PLAINTEXT is the unencrypted data. It's called plainTEXT even if it's really binary data. The name is a throwback to the days when handwritten messages were encrypted manually.
CIPHERTEXT is the encrypted data. Ideally the ciphertext would be statistically indistinguishable from random noise no matter how regular the plaintext was. The "randomness" of the ciphertext is a measure of the quality of the encryption algorithm. Be aware: humans are generally lousy at evaluating "randomness." Just because it looks like gibberish to you doesn't mean it's random. You need to apply appropriate statistical tests.
When analyzing cryptographic systems one always adopts an ATTACKER MODEL where the attacker is assumed to have full knowledge of all algorithms and methods used. The attacker is assumed to not know any secret keys or similar secret data items.

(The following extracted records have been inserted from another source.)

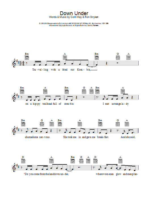 Download or print Men At Work Down Under sheet music, chords and digital score arranged for Trombone Solo. This Pop score includes 2 page(s).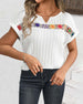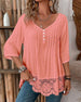 SPECIFICATIONS Top Type: Blouses Style: Casual Material: Cotton Blends Occasion: Daily Neckline: V neck_V Pattern Type: Solid Color Sleeve Type: Slit Sleeves Sleeve Length: Half Sleeve Fit Type: Regular Season: Summer Details: Patchwork, Cut Out Package Includes: 1 x Blouse SIZE TABLE Size Bust Length CM INCH CM INCH S 95 37....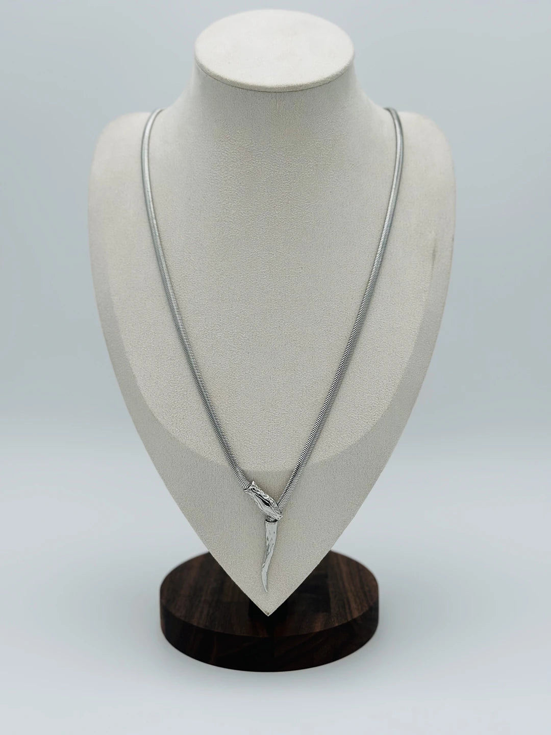 Sharp, sleek, and undeniably bold — the Silver Fang necklace features a polished chain and a sculpted fang pendant wrapped in subtle silver accents. It’s a symbol of strength and edge, crafted to stand out. Waterproof, tarnish-free, and perfect for making power moves — day or night.
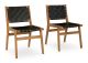 Leather Match;Wood Products and Other, Dining Room Side Chair (2/CN), , Made with acacia wood;Solid wood frame;Light wood-tone finish;Woven black leather straps;Nailheads with brass-tone finish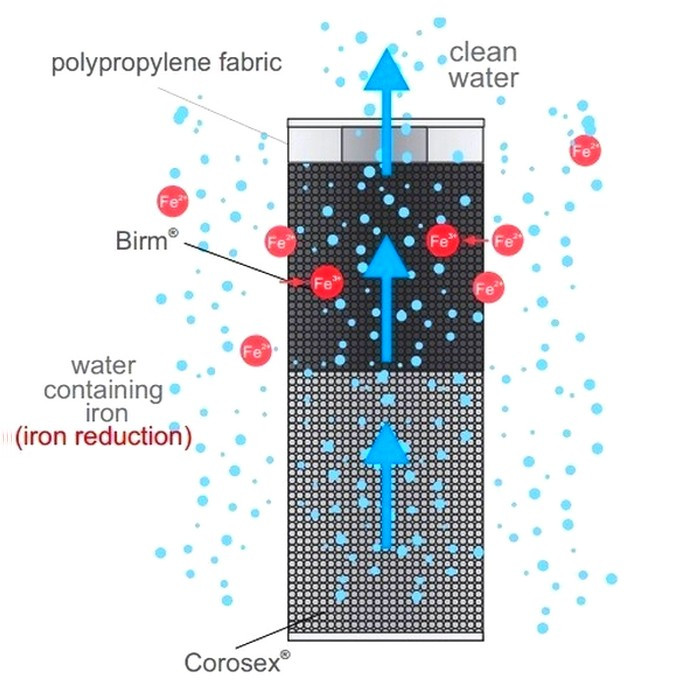 Birm® — это каталитический фильтрующий материал – природный материал, содержащие диоксид марганца для восстановления растворенных соединений железа и марганца из сырой воды. Birm действует как нерастворимый катализатор, усиливая реакцию между растворенным кислородом и соединениями железа. В артезианской воде, лишенной кислорода и не содержащей такого значительного количества органических соединений как поверхностная вода, железо обычно находится в форме раствора бикарбоната железа Fe(HCO3)2, частично гидролизованного и не фильтруется. Birm, действуя как катализатор между кислородом и растворимыми соединениями железа, усиливает реакцию окисления FeII до FeIII и производит гидроксид трехвалентного железа Fe(OH)3, который выпадает в осадок и легко фильтруется. Birm легко очищается путем обратной промывки для удаления осадка. Birm не расходуется в операции удаления железа.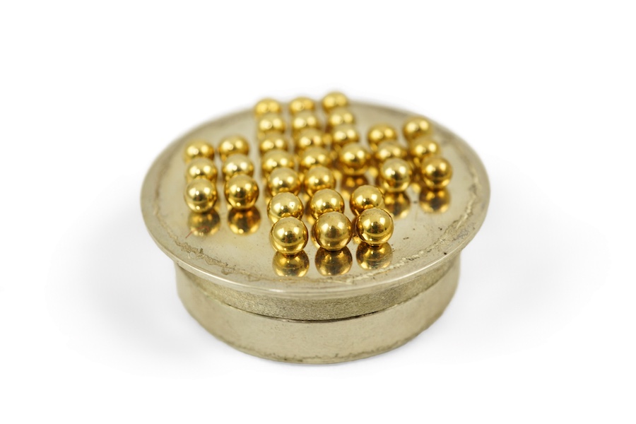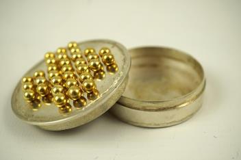 An Elizabeth II parcel gilt silver circular box and cover with game of solitaire, by Vera Mary Honeker, the cover with thirty two silver gilt pegs, London, 1980 diameter 50mm.

When analyzing network protocols is it common to use the DOLEV-YAO ATTACKER MODEL. A D-Y attacker has total control of the network and can read/write anything anywhere on the network. However, a D-Y attacker has no access to the host systems on the network and no ability to defeat any of the encryption technology being used. It is understood that real attackers are not exactly like this, but the model is useful for evaluation the security of network communications.
SYMMETRIC ENCRYPTION algorithms use the same key for encryption as for decryption. When using such an algorithm for secure communication a major problem is: how do Alice and Bob share the key? You need a secure channel for the key material, and if you have such a channel why not just use it for the data itself?

Secure channels tend to be low bandwidth and intermittent (think about Alice and Bob meeting in a café to exchange keys). Thus, the value of encryption is that it lets you use a reliable, high bandwidth, and probably also very public channel for the bulk communication.
Block ciphers like DES or AES operate on a block of data at a time... never more or less. Typical block sizes are 64 bits or 128 bits but some algorithms use other sizes.
The key size is an important parameter. Small keys can be attacked by brute force: just try them all. This assumes you can recognize the plaintext when you see it (normally not a big problem, but sometimes it's an issue). Notice that brute force can be used against any encryption algorithm; if the key is too small it doesn't matter how clever the algorithm is.
Good algorithms have long enough keys to be "computational infeasible" to brute force. What that means exactly depends on several factors:
- The resources of the attacker. Very resourceful attackers with lots of time/money to spend can feasibly do more than your 10-year-old sister.
- The value of the protected data. If it costs $10,000,000 to build a machine to crack your encryption and the data you encrypted is only worth $20, who is the real loser there?
- The lifetime of the protected data. If it takes a month to crack the encryption of (for example) battlefield orders that are only meaningful for 24 hours, the data is secure enough.
The parameters above are interrelated. Spending more money will likely reduce the time needed to crack the encryption (more money buys faster hardware) but there is no point in spending more money than the data is worth. Even a weak algorithm is fine if the data it is protecting is relatively worthless or very short-lived (or both).

That said, strong encryption algorithms are readily available so there's no reason not to use one.
Some algorithms have mathematical weaknesses that make them easier to attack than brute force. However, this is not a black and white issue. Often such attacks are still quite difficult or even infeasible. If you are worried about mathematical weaknesses you can try increasing the key size. Often (not always) that makes such attacks harder. Thus, there are reasons for using very long keys even if such keys would be far beyond the reach of brute force.
Good encryption algorithms use the principles of "diffusion" and "confusion."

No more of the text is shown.